Activity
From the first line to the last, retype everything below exactly, minus the pictures.

Dataset content
####

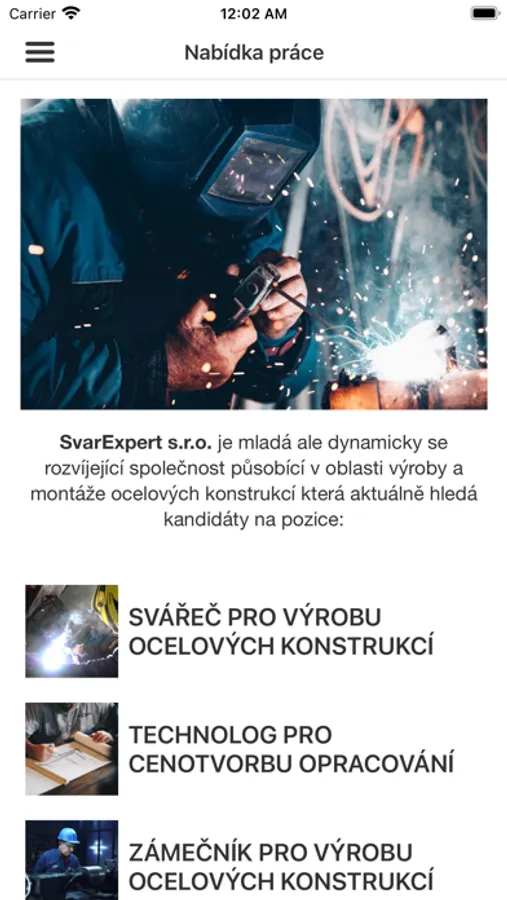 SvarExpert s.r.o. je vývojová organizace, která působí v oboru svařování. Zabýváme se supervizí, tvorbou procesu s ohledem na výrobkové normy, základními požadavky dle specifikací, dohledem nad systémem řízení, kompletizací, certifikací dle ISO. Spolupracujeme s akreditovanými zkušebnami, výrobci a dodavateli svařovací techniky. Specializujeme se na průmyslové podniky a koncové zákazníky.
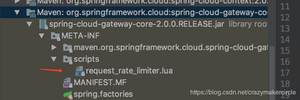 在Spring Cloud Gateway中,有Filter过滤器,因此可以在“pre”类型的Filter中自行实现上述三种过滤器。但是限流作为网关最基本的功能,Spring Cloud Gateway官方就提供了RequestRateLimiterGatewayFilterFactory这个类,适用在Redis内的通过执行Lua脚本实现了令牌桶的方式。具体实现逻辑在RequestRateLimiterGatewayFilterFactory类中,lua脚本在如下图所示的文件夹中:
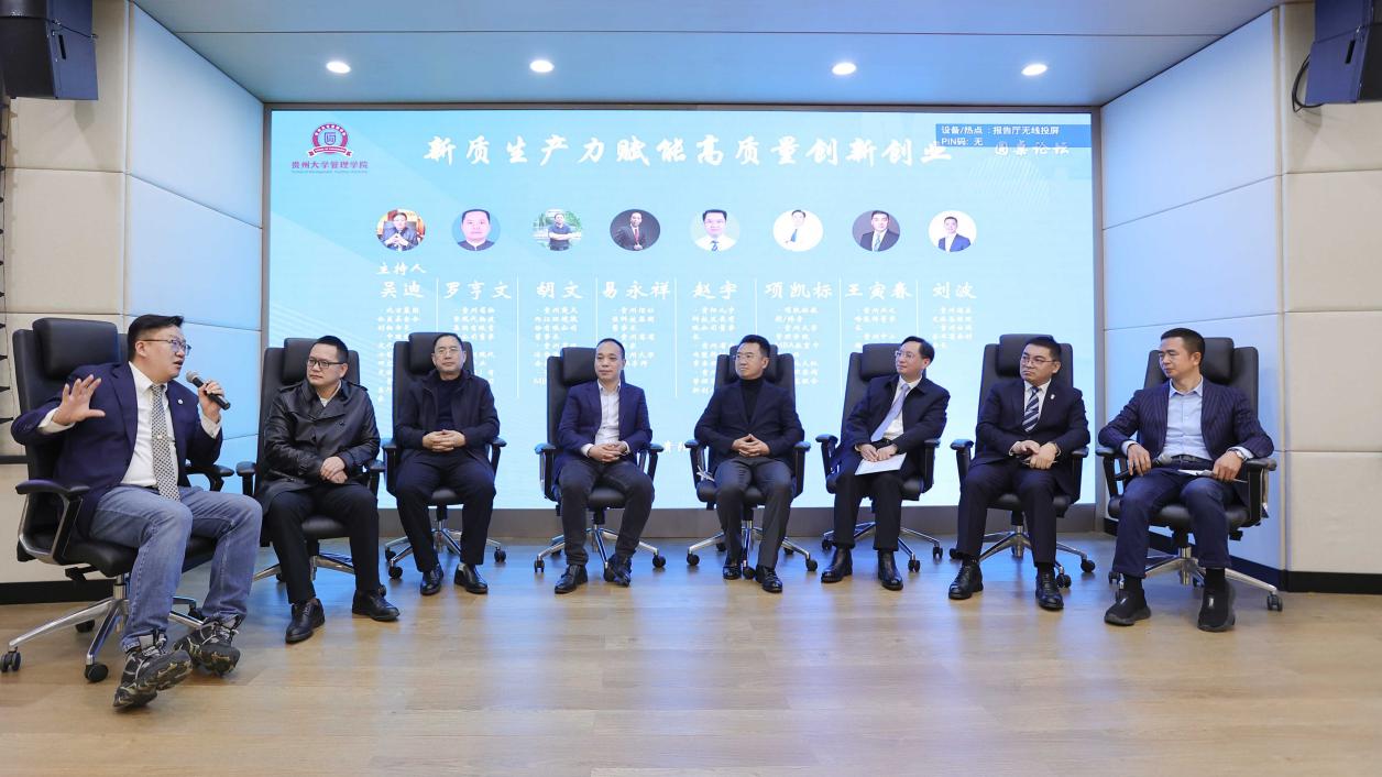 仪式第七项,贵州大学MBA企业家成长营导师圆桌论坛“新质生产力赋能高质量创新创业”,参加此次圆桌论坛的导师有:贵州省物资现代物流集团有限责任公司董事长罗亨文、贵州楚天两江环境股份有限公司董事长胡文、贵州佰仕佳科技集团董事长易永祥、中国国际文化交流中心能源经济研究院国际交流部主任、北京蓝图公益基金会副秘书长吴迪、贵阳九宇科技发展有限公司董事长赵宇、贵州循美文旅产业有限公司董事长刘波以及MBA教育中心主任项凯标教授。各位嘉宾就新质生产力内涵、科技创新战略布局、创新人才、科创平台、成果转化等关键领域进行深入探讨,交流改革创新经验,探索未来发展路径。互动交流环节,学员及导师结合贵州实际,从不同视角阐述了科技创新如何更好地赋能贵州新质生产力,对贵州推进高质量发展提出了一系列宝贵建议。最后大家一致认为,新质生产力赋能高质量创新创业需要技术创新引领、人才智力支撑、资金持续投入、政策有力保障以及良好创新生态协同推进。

####

Response area
 SvarExpert s.r.o. je vývojová organizace, která působí v oboru svařování. Zabýváme se supervizí, tvorbou procesu s ohledem na výrobkové normy, základními požadavky dle specifikací, dohledem nad systémem řízení, kompletizací, certifikací dle ISO. Spolupracujeme s akreditovanými zkušebnami, výrobci a dodavateli svařovací techniky. Specializujeme se na průmyslové podniky a koncové zákazníky.
 在Spring Cloud Gateway中,有Filter过滤器,因此可以在“pre”类型的Filter中自行实现上述三种过滤器。但是限流作为网关最基本的功能,Spring Cloud Gateway官方就提供了RequestRateLimiterGatewayFilterFactory这个类,适用在Redis内的通过执行Lua脚本实现了令牌桶的方式。具体实现逻辑在RequestRateLimiterGatewayFilterFactory类中,lua脚本在如下图所示的文件夹中:
 仪式第七项,贵州大学MBA企业家成长营导师圆桌论坛“新质生产力赋能高质量创新创业”,参加此次圆桌论坛的导师有:贵州省物资现代物流集团有限责任公司董事长罗亨文、贵州楚天两江环境股份有限公司董事长胡文、贵州佰仕佳科技集团董事长易永祥、中国国际文化交流中心能源经济研究院国际交流部主任、北京蓝图公益基金会副秘书长吴迪、贵阳九宇科技发展有限公司董事长赵宇、贵州循美文旅产业有限公司董事长刘波以及MBA教育中心主任项凯标教授。各位嘉宾就新质生产力内涵、科技创新战略布局、创新人才、科创平台、成果转化等关键领域进行深入探讨,交流改革创新经验,探索未来发展路径。互动交流环节,学员及导师结合贵州实际,从不同视角阐述了科技创新如何更好地赋能贵州新质生产力,对贵州推进高质量发展提出了一系列宝贵建议。最后大家一致认为,新质生产力赋能高质量创新创业需要技术创新引领、人才智力支撑、资金持续投入、政策有力保障以及良好创新生态协同推进。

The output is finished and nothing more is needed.